Düsseldorf

Joseph Beuys

Occasionally the opposition to Joseph Beuys takes the approach that his work is archetypally “Teutonic.” Deliberate and careful as his recourse to myth and ritual may be (and the roots of all humane civilization lie in myth), it is pulled in as proof. The artist’s use, both here and at Documenta 7, of heavy pieces of stone in his work may encourage this kind of attack, but even in these instances the “Blut and Boden” (“blood and soil”) mentality, the gloominess, melancholy, and solemnity associated with the Teutonic spirit, are absent. If any artist can associate the power of myth with the poetic fluency and cheerful sensibility of the classical Southern spirit, it is surely Beuys.
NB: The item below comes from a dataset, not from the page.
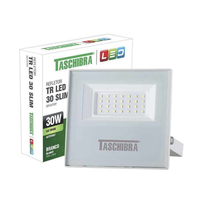 Refletor Taschibra Led TR Slim 30W Luz Verde Branco Bivolt O Refletor Taschibra possui 30 watts de potência e é ideal para iluminação em geral, especialmente em áreas externas, pontos comerciais, industriais, placas e outdoors, quadras esportivas, jardins, entre outros. Além disso, seu ângulo de abertura é de 120 e oferece um belo facho de luz brilhante. Conta ainda, com longa durabilidade e baixo consumo de energia, economize até 85% de energia.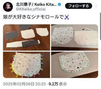 北川景子 Photo by スポニチ 北川景子 4歳娘に「大好きなシナモロールで」水色ポシェット手作りに「素… ギャラリーで見る この記事のフォト 2025年02月08日の画像一覧 もっと見る 2025年02月08日の画像をもっと見る

Perhaps, though, it is precisely this balance between gravity and lightness—Beuys’ typical combination of accomplished artistic transformation and smiling matter-of-factness in dealing with the elemental—that provokes his opponents. His recent work here must really have upset such folk. The invitation card was an integral part of the piece: the first line read “DASENDEDES20.JAHRHUNDERTS” (“The end of the 20th century”), the second “JOSEPHBEUYS,” the words and name in uppercase letters with no spaces between them. Above the type was an abstract symbol familiar from Beuys’ earlier work—the “earth phone,” looking perhaps like a rough telephone or the head of a horned animal.

In the gallery itself heavy pieces of basalt, in uneven pillar shapes, covered the basement floor. A cone had been cut out of each stone, the resulting hole smeared with mud, the basalt plug wrapped in felt and then replaced. The rocks lay like forgotten sacred relics from the ancient sites of obscure cults.

“DASENDEDES20.JAHRHUNDERTS JOSEPHBEUYS.” Was the work mythic? A science fiction story about self-destruction? In its coincidence with the increasingly frequent gloomy predictions of the ecological and antimilitary camps, it is tempting to interpret the piece in terms of anxiety over impending catastrophe. But this would be an error. Beuys’ utopian dream of “social sculpture,” his dream of a humane society of free, creative individuals in free, creative communities, is surely the most advanced conception so far of the Gesamtkunstwerk, the “total art work.” (Das Ende des 20. Jahrhunderts was expanded in Diisseldorf’s Kunsthalle for Harald Szeemann’s show “Der Hang zum Gesamtkunstwerk” [“The tendency toward the total art work”], discussed in the September 1983 issue of Artforum.) Many people may separate Beuys the artist from Beuys the theoretician so as to preserve the concept of the identifiable work of art: but all his pieces, whether traditional objects, as here, or in the form of active interventions in the social process, function as both transmitters and conductors of a certain positive energy. What made this piece so fascinating was precisely this energy, which could beexperienced intuitively and which was unnerving in the precision of its aim at the nerve center of life.

In this work Beuys used stone, as many others do and do well. As a 20th-century sculptor he worked with the given space and its light, which in this windowless basement, enterable and observable only from above, was of course artificial. As an installation artist he is precise, a craftsman. But in the way he built on the energy and communicative power of his materials, the way he established an archaic realm of stone opposed to the currently prevailing feeling of impending doom, he went beyond questions of craft and medium. Aware of our fear of the apocalypse, he used the stone as shattering proof of petrification, but also to embody the energy of hope. Das Ende des 20. Jahrhunderts may be an ending and a new beginning for Beuys’ social sculpture—the sculpture of an open, humane society. Intuition is necessary to approach Beuys’ work, but in this piece it found a rich field for activity—and for Beuys, that too is creativity.

Annelie Pohlen

Translated from the German by Martha Humphreys.